Der alte Mistplatz an der Dresdner Straße ist Geschichte, einer neuer soll in die Freie Mitte an der Innstraße. Doch wann der kommt, bleibt ein großes Geheimnis.
Text: Naz Küçüktekin

Mehr als fünf Jahre ist es her, dass der einzige Mistplatz innerhalb des Gürtels seine Tore schloss. Im März 2020 machte die MA 48 die Anlage in der Dresdner Straße dicht – zunächst,mit dem Argument, dass die Gefahr der Ansteckung mit dem Coronavirus zu groß sei. Nach der Pandemie war dann von Sicherheitsproblemen die Rede: Die enge Ein- und Ausfahrt sowie die Verkehrssituation auf der Dresdner Straße ließen keinen sicheren Betrieb mehr zu, so die MA 48. Ein Umbau wäre aufwendig, denn das Gebäude stammt aus dem Jahr 1910, diente einst als Leichenhalle und steht unter Denkmalschutz.
Koalition legt sich auf „Grätzlmistplatz“ fest
Anrainer:innen und Bezirkspolitiker:innen – allen voran Bezirksvorsteher-Stellvertreter Bernhard Seitz von den Grünen – hielten dennoch lange an einer Wiedereröffnung des alten Standorts fest.

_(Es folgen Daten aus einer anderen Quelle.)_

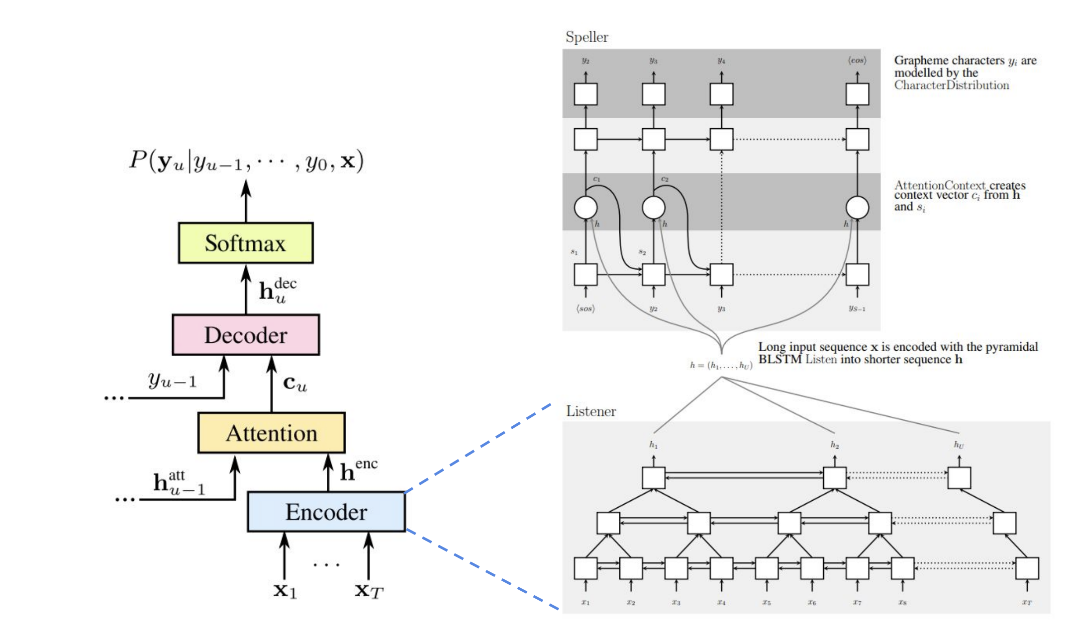 LAS의 개념은 아래 그림에서 잘 표현되고 있습니다. Listener, Attention, 그리고 Speller로 나눠지는 부분에 주목하면 됩니다.
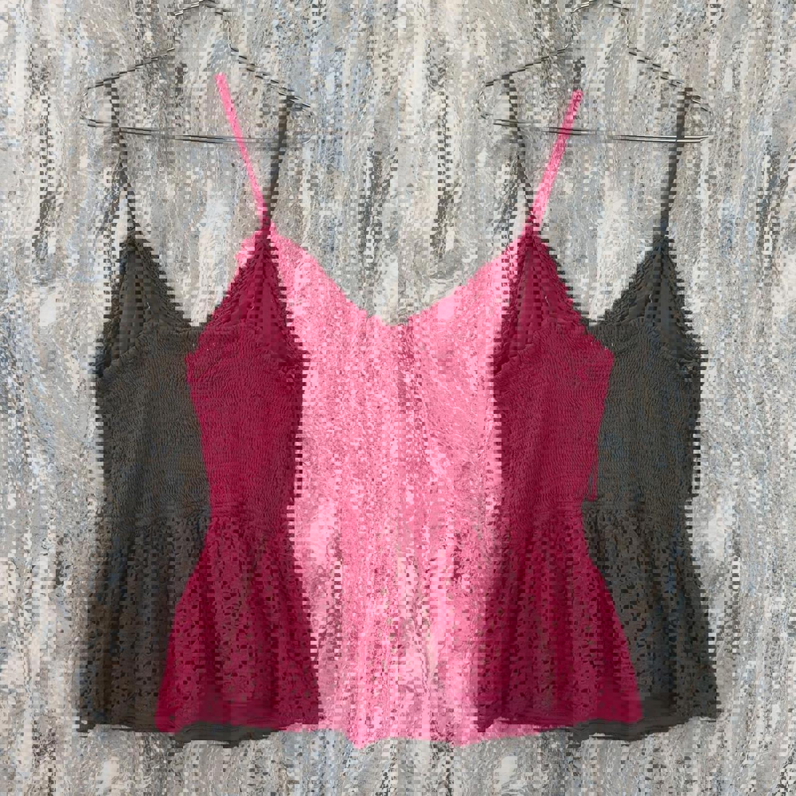Pink Lace Peplum Camisole Tank Top (S/M)

Viele verstanden nicht, warum man die Anlage nicht modernisieren könne, statt einen neuen Mistplatz in der Freien Mitte an der Innstraße zu errichten. Doch nach den Gemeinderatswahlen im April legten sich Stadt und MA 48 schließlich auf diesen Standort fest.
Auch im Regierungsprogramm von SPÖ und NEOS ist er verankert: „Für die Bewohner*innen des 2. und 20. Bezirks soll ein neuer Grätzlmistplatz in der Innstraße entstehen. Die „grüne Mitte“ würde dabei ohne Flächeneinbuße erhalten bleiben, betont man im Büro des zuständigen Stadtrats Jürgen Czernohorszky auf Anfrage von Zwischenbrücken.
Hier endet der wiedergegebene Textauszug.